# Carrying bikes on an old school vw bug



## duderidesabike (May 11, 2008)

Im currently in search of a really cherry pre-67 vw bug. plan to drive it pretty regularly and thus im going to need a way to carry my bike. Ill be carrying an all mountain rig, so im a bit concerned about the fortitude of the typical rack you can put on these cars (think surf rack). I dont want to dent the roof, screw up the rain gutters or lose the thing on the freeway altogether. Ive also heard that somehow, miraculously, you can mount a hitch on a bug but they dont appear to be the receiver type.

anyone have experience carrying bikes on a bug? Help a Brotha out!


----------



## J_Westy (Jan 7, 2009)

I carried bikes on my 67 using a 1A rain gutter Yakima rack without issues. It's been a while, but I think you need a riser kit to get the bars high enough to clear the round roof.


----------



## cman8 (Jul 27, 2011)

Try seasucker. I use mine on every car I had. I now use it on My Mini Cooper


----------



## duderidesabike (May 11, 2008)

cman8 said:


> Try seasucker. I use mine on every car I had.
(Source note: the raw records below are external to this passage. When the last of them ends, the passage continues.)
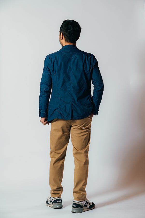 綿チノと比較して【軽い】【乾きやすい】【型崩れしにくい】【シワになりにくい】【色が変化しにくい】【毛羽立ちしにくい】という機能性を持った生地です。
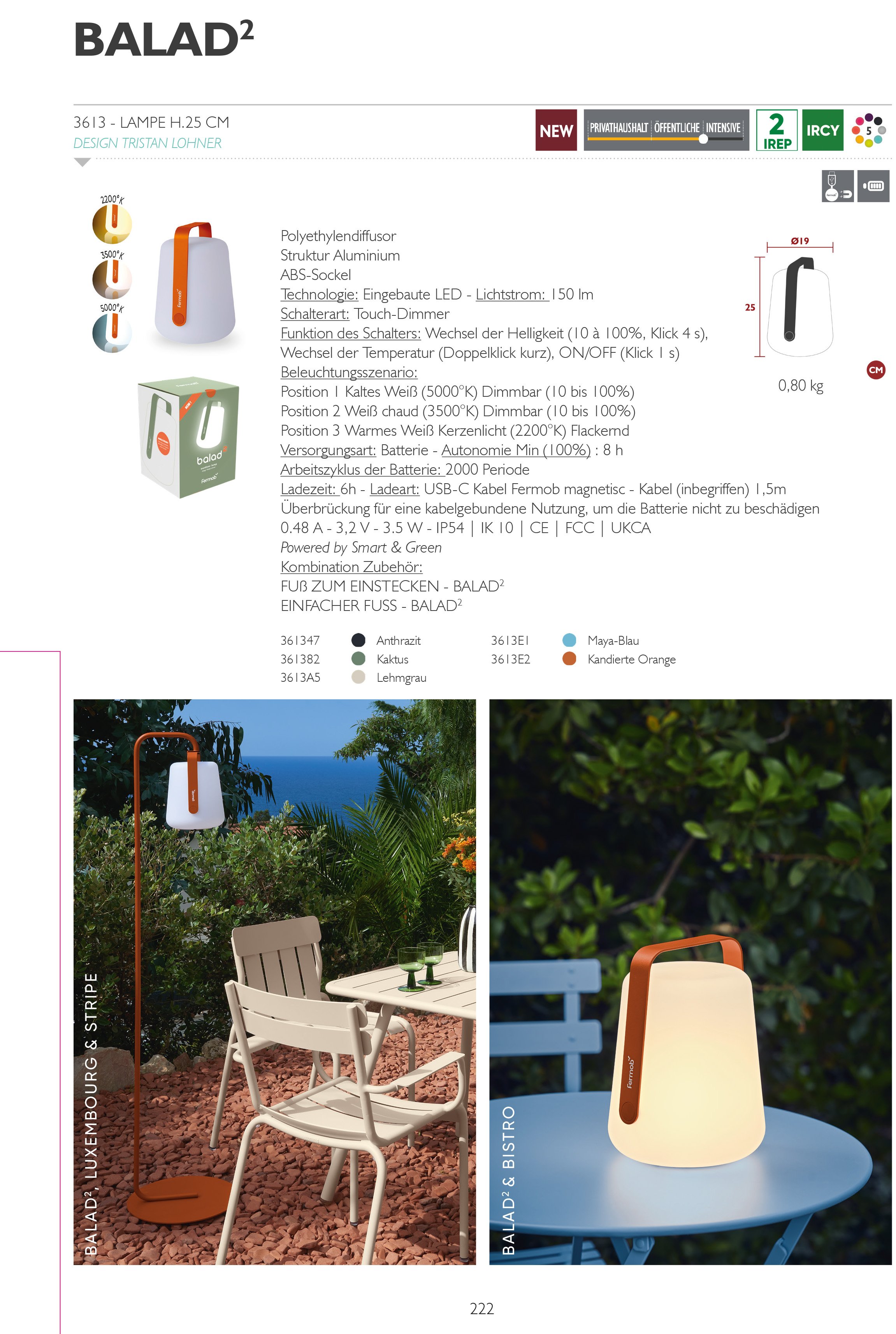 Designed by Tristan Lohner, the Balad² rechargeable lamp from Fermob is an iconic design object that combines flexibility and aesthetics as a mobile light source on balconies, terraces or in living rooms. Made from weatherproof aluminium and polyethylene, the lamp is fully suitable for outdoor use and can easily be taken anywhere with its characteristic carrying handle. The special features of this further development are the different light modes and colour temperatures, which can be varied from warm candlelight to bright light at the touch of a button.
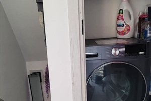 Full size washing machine in the common area shared with downstairs apartment

I now use it on My Mini Cooper


Now that's in interesting concept...although I gotta admit I'd be horrified to put that on a classic car (as unfounded as that may be).


----------



## duderidesabike (May 11, 2008)

J_Westy said:


> I carried bikes on my 67 using a 1A rain gutter Yakima rack without issues. It's been a while, but I think you need a riser kit to get the bars high enough to clear the round roof.


About how long did you run that setup? Two carriers? Im going to look into that thanks.


----------



## J_Westy (Jan 7, 2009)

duderidesabike said:


> About how long did you run that setup? Two carriers? Im going to look into that thanks.


I ran that for a couple summers. It didn't tweak the rain gutters or anything.

Also, hitches are really sketchy on bugs... I'd avoid that idea.


----------



## jeepergirl17 (Feb 14, 2012)

Yep, that's what I did on my vintage bugs too. And yes, you will need the tall towers .


J_Westy said:


> I carried bikes on my 67 using a 1A rain gutter Yakima rack without issues. It's been a while, but I think you need a riser kit to get the bars high enough to clear the round roof.


----------



## POG (May 20, 2004)

My dad always owned bugs when I was a kid. I used to carry my bike by placing the wheels in/on the back bumper and bungee cording it to the vent slits above the trunk. Did some LONG trips with it like that - I remember I would remove one pedal so it wouldn't scratch the car. Of course this was a stingray bike with 20" wheels, banana seat and monkey bars. Those were the good ol days!


----------



## Polk (Jan 19, 2004)

Digging up this old-ish post... Regular Yakima towers can work on a VW Beetle, but they do get close to the roof. I had a Yakima rack I used on my '68. I had two bike trays and kayak saddles in the middle. No problems.


----------